Sample App Files#

The following examples were generated by AI. They are included here because they provide good documentation and completeness.

Example 1: tapisjob.sh (Tapis-generated launcher)#

tapisjob.sh

⚠️ You do not create or edit this file. This example shows the kind of script Tapis generates and submits to Slurm.

#!/bin/bash
#SBATCH -J tapis-job
#SBATCH -N 2
#SBATCH --ntasks-per-node=48
#SBATCH -p normal
#SBATCH -t 02:00:00
#SBATCH -o tapisjob.out
#SBATCH -e tapisjob.err

# Move to the job execution directory
cd "$SLURM_SUBMIT_DIR"

# Load Tapis-provided environment variables
if [ -f tapisjob.env ]; then
  source tapisjob.env
fi

echo "Tapis Job UUID: $_tapisJobUUID"
echo "Allocated nodes: $_tapisNodes"

# Ensure the app script is executable
chmod +x ./tapisjob_app.sh

# Launch the application
./tapisjob_app.sh

# Capture exit code for Tapis bookkeeping
echo $? > tapisjob.exitcode

What this example illustrates

  • Slurm directives (#SBATCH) come from your app definition + job request

  • tapisjob.env injects Tapis metadata and resolved paths

  • Output and error streams are standardized

  • The only thing this script really does is:

    • prepare the environment

    • call your application

    • report status back to Tapis

You can think of this as “Tapis’s Slurm wrapper”.

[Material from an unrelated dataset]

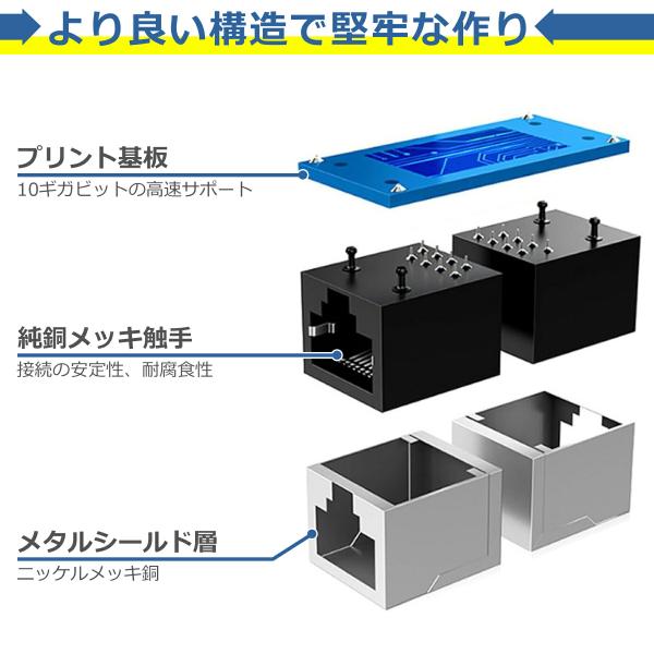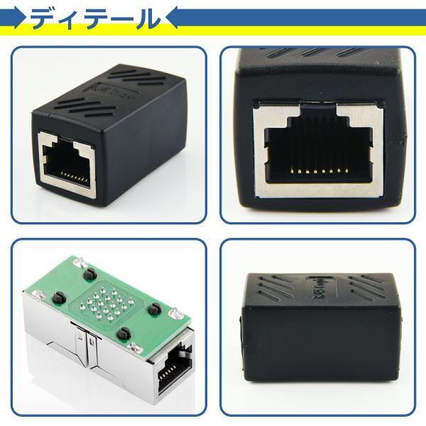 LANケーブル 延長 コネクタ cat7 cat6 cat5 RJ45 8P8C アダプタ ギガビット コンパクト ジョイント 中継 端子 便利 メス-メス

Example 2: tapisjob_app.sh (user-provided application logic)#

This is the script you write and control. It lives in your ZIP app bundle.

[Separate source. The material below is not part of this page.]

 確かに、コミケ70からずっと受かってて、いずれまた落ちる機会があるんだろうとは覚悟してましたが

Example A: Simple serial or threaded job
#!/bin/bash
set -e

echo "Running on host: $(hostname)"
echo "Working directory: $(pwd)"

# Explicit environment setup (compute node starts clean)
module purge
module load python/3.12.11
module load hdf5/1.14.4

# Optional: create a virtual environment
python -m venv venv
source venv/bin/activate

pip install numpy pandas

# Run your analysis
python run_analysis.py input.json

Key points illustrated

  • No assumptions about login-node state

  • All modules and environments are loaded here

  • This script could be tested locally or on HPC

  • Tapis doesn’t interfere with its contents

Example B: MPI-based OpenSees job
#!/bin/bash
set -e

echo "MPI job starting"
echo "Nodes: $_tapisNodes"
echo "Cores per node: $_tapisCoresPerNode"

module purge
module load opensees
module load openmpi

# Use Slurm-provided MPI launcher
mpirun -np $SLURM_NTASKS OpenSeesMP model.tcl

What this shows

  • MPI is launched inside tapisjob_app.sh

  • Whether the app is declared isMpi: true or not,

    • the MPI command lives here

  • tapisjob.sh does not care whether this is MPI, Python, or anything else

Example C: Hybrid workflow (pre-processing + MPI + post-processing)
#!/bin/bash
set -e

module purge
module load python/3.12.11
module load opensees
module load hdf5

echo "Pre-processing inputs"
python generate_model.py

echo "Running OpenSees in parallel"
mpirun -np $SLURM_NTASKS OpenSeesMP model.tcl

echo "Post-processing results"
python extract_results.py results/

This is where the two-script model really shines:

  • Tapis handles scheduling and lifecycle

  • You orchestrate entire pipelines in one place

  • The script remains portable and readable


Side-by-side mental model#

Script

Who owns it

Purpose

You edit it?

tapisjob.sh

Tapis

Scheduler glue, environment injection, monitoring

❌ Never

tapisjob_app.sh

You

Scientific / computational workflow

✅ Always


One sentence to remember#

tapisjob.sh exists so Tapis can talk to Slurm; tapisjob_app.sh exists so you can talk to your science.